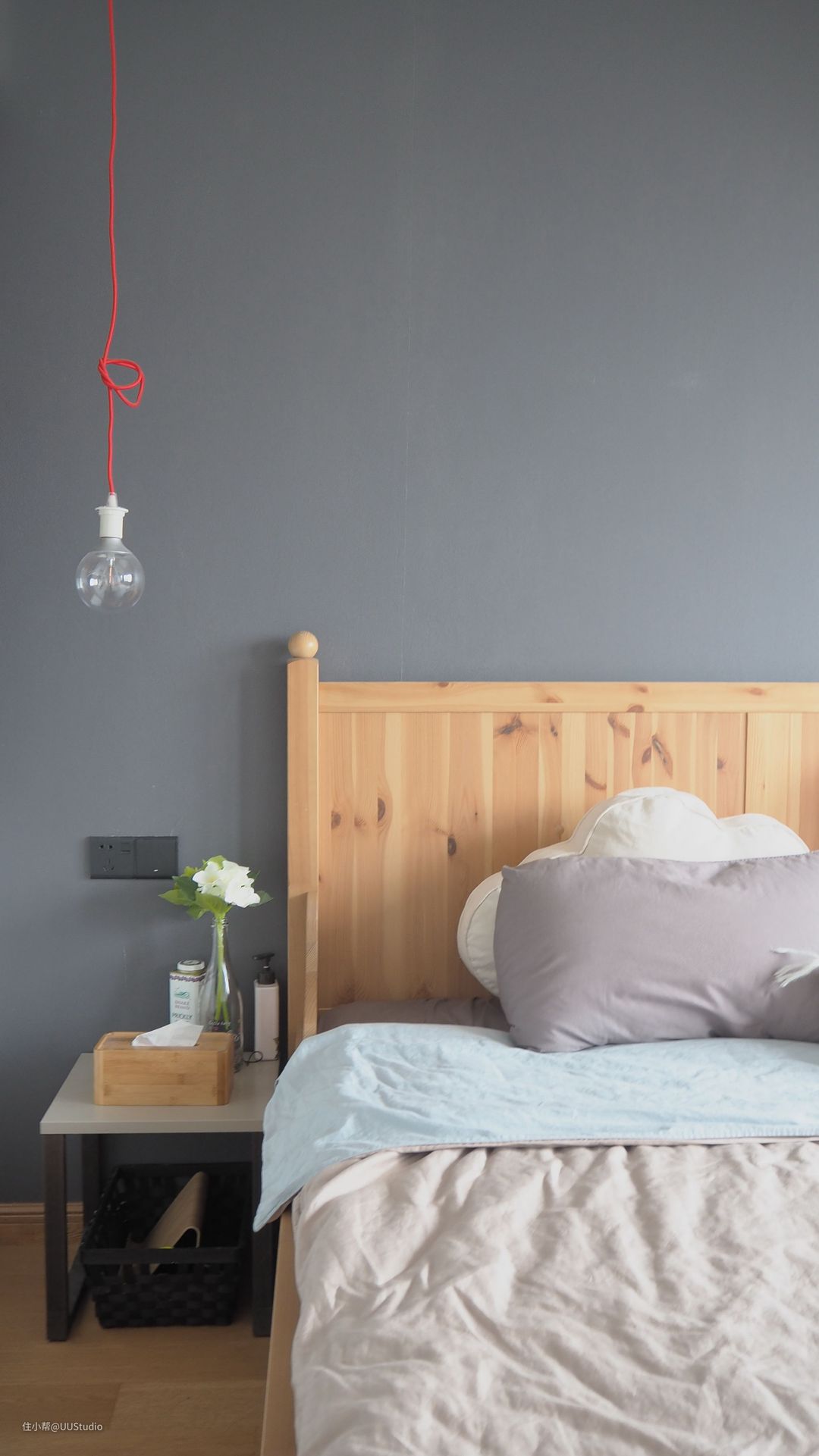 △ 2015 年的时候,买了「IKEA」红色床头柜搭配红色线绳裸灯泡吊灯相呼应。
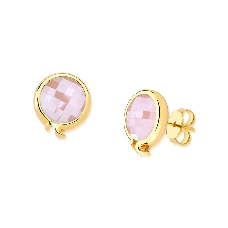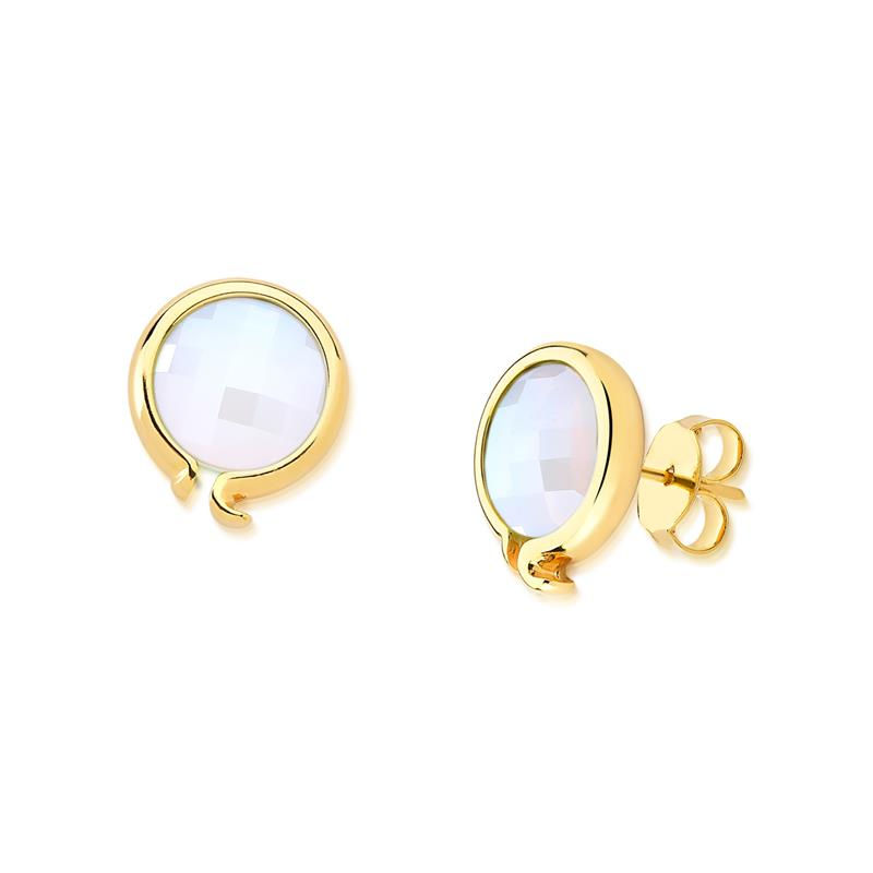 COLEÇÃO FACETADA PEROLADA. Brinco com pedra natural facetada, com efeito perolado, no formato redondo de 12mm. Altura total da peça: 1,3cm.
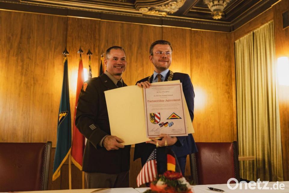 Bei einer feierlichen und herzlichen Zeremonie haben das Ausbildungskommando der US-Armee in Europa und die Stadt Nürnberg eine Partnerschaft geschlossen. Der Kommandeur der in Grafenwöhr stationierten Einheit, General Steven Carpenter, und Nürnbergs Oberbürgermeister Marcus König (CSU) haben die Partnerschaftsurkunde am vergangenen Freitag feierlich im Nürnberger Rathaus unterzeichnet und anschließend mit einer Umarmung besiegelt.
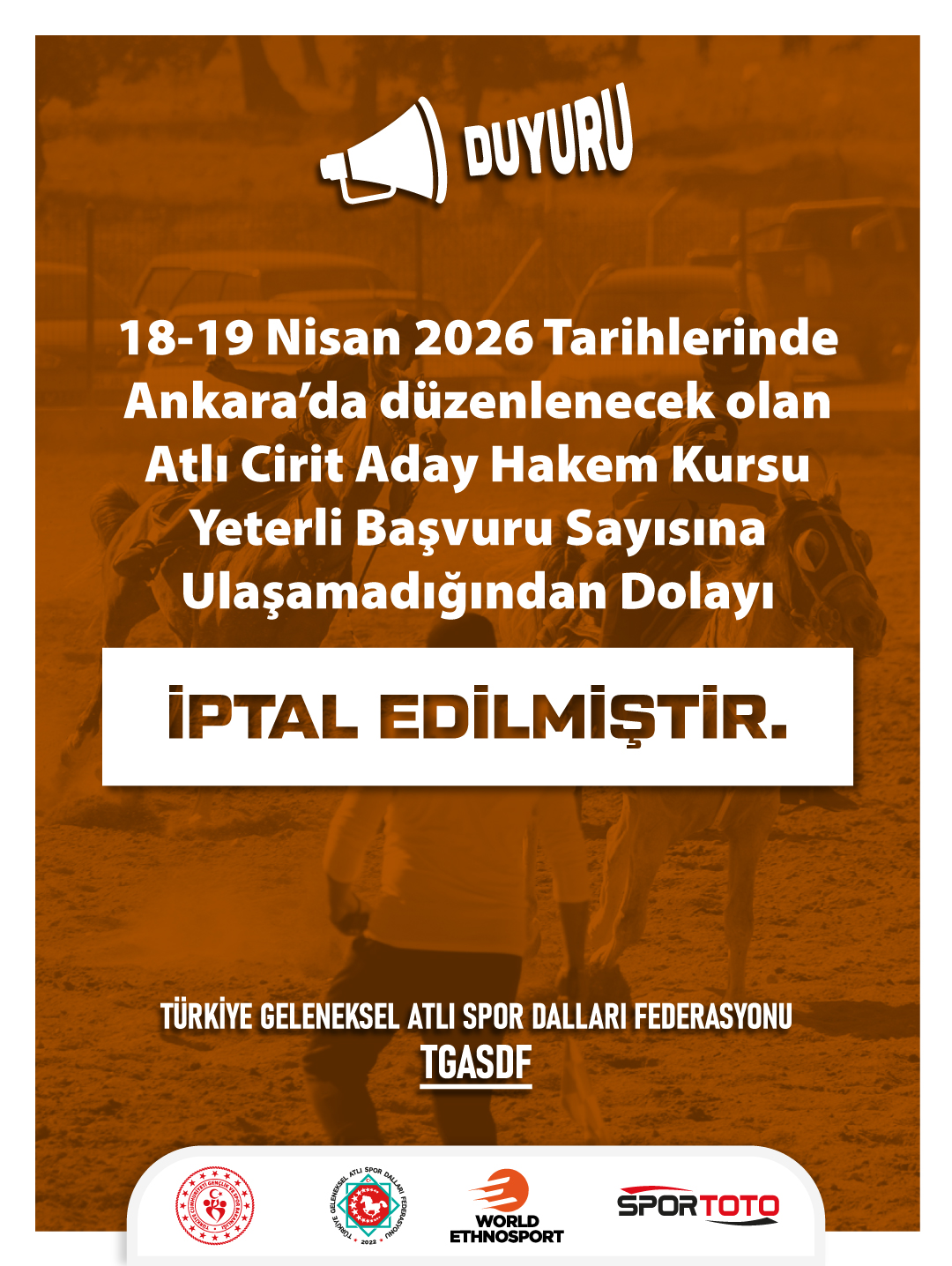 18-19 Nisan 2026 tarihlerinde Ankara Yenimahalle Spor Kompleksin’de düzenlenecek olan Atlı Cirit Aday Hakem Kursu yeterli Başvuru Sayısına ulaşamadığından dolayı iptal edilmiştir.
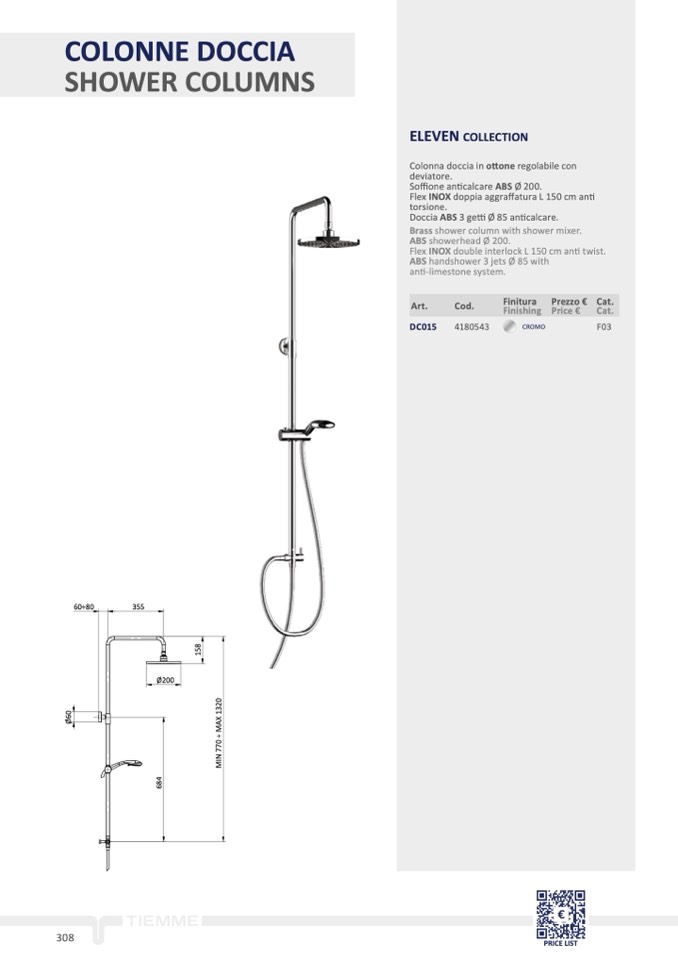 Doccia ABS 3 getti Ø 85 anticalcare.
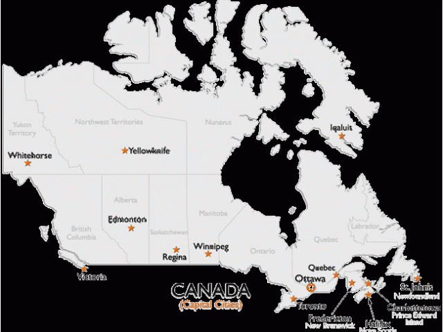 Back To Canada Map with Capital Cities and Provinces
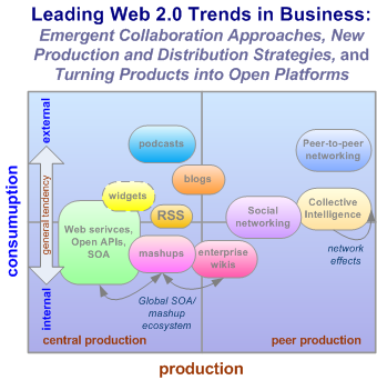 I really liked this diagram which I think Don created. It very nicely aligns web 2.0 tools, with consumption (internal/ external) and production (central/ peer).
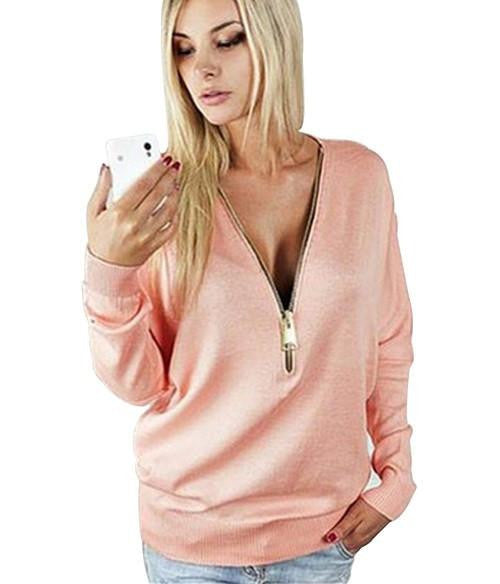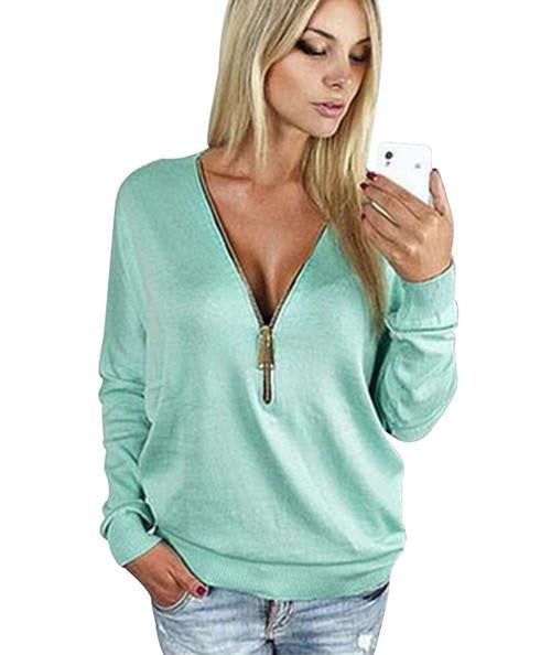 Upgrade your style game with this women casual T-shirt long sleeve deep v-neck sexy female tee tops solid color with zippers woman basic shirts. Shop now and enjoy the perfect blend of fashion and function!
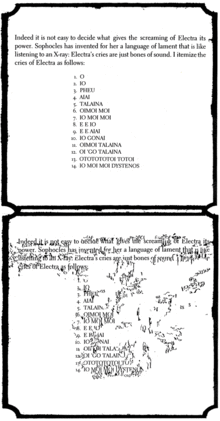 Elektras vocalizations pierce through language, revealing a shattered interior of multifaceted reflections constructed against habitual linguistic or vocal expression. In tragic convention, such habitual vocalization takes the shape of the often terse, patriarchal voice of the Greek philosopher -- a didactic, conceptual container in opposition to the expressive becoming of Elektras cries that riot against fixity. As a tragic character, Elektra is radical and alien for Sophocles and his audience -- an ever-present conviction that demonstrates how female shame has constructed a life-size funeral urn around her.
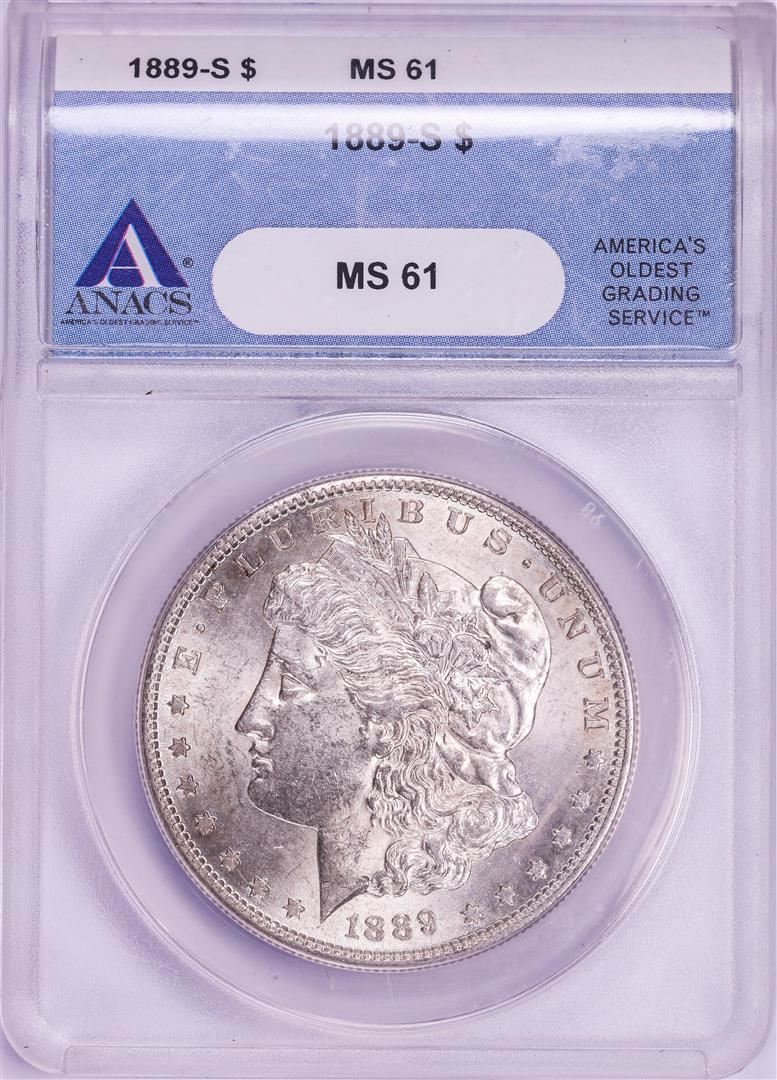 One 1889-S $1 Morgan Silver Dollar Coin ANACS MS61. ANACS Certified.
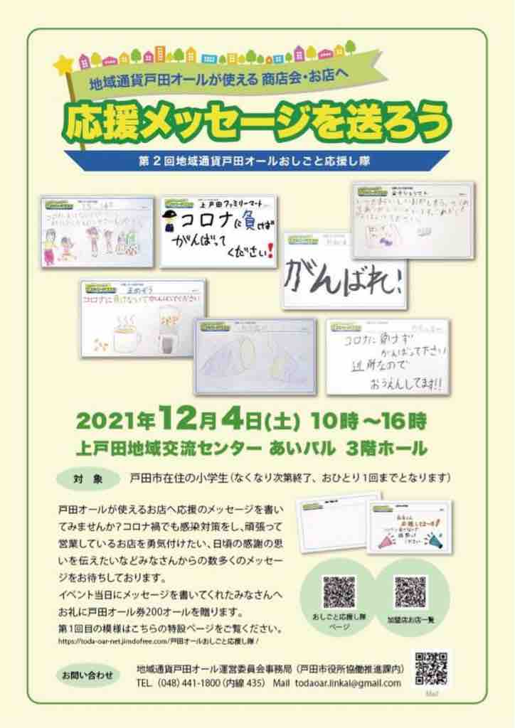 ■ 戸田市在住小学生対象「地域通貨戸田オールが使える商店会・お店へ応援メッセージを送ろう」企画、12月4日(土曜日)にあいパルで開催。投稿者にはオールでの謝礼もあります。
· · · ·
Task brief:
Only what runs from the line containing "One 1889-S $1" through the end of the entries above should be extracted, exactly and without pictures.

Written response:
 One 1889-S $1 Morgan Silver Dollar Coin ANACS MS61. ANACS Certified.
 ■ 戸田市在住小学生対象「地域通貨戸田オールが使える商店会・お店へ応援メッセージを送ろう」企画、12月4日(土曜日)にあいパルで開催。投稿者にはオールでの謝礼もあります。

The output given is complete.